In solchen Fällen ist bei Investitionen spezielle Vorsicht geboten. Im Grossen und Ganzen verhält sich aber die Situation in Europa vergleichbar mit der Situation in den USA. Auch wenn die reduzierte geldpolitische Unterstützung der Zentralbank für die gesamte Wirtschaft stark auf den verschiedenen Stimmungsindikatoren in Europa lasten, vermögen die effektiven Aktivitätsindikatoren wohl auch in den kommenden Wochen und Monaten positiv zu überraschen. Noch moderater dürften in unseren Augen die Auswirkungen auf die Wirtschaft der Schweiz ausfallen.

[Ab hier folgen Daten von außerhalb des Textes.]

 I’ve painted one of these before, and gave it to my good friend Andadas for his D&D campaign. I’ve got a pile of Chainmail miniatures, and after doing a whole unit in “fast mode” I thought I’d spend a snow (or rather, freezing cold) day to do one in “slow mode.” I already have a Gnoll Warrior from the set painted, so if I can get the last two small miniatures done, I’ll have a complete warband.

Dies liegt in erster Linie daran, dass die Zinsen in der Schweiz im Vergleich zum Ausland deutlich weniger angestiegen sind. Andererseits gibt es aber gerade auch in der Schweiz viele Unternehmen, die eher konservativ finanziert sind. Damit ist auch in den kommenden Monaten mit einer höheren Bewertung an den Finanzmärkten zu rechnen. Deutlich weniger überzeugt sind wir dagegen vom Szenario, dass es an den Finanzmärkten zu einer grossen Anpassung der geldpolitischen Rahmenbedingungen kommen wird.